In the entries below, find the line with "2021年,信天游在新鄉(x" and the line with "Įvertiname, kaip AI"; copy them and every line between them exactly, but not the pictures.

◆ Input ◆
↓↓↓

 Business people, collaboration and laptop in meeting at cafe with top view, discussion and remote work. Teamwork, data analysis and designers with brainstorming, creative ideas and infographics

↑↑↑
↓↓↓

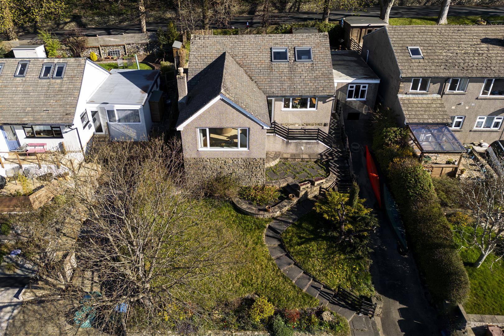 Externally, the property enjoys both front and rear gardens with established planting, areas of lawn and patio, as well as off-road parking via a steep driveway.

↑↑↑
↓↓↓

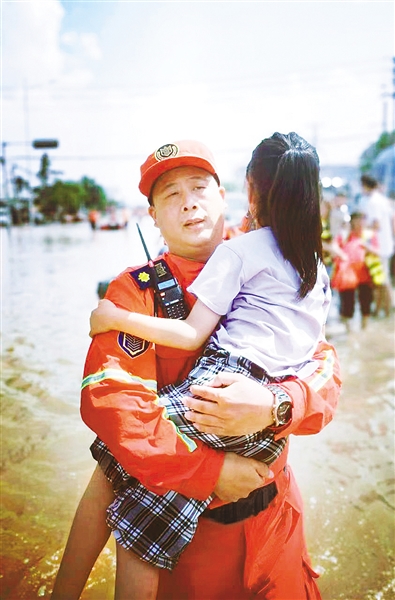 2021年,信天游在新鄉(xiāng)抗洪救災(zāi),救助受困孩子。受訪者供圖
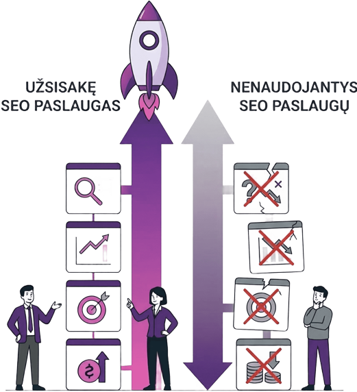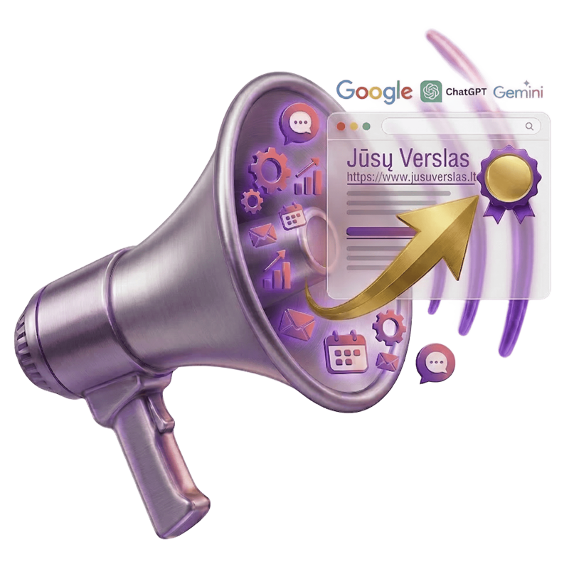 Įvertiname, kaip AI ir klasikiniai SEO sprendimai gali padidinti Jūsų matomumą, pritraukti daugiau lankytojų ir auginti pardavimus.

↑↑↑

◆ Response ◆
 2021年,信天游在新鄉(xiāng)抗洪救災(zāi),救助受困孩子。受訪者供圖
 Įvertiname, kaip AI ir klasikiniai SEO sprendimai gali padidinti Jūsų matomumą, pritraukti daugiau lankytojų ir auginti pardavimus.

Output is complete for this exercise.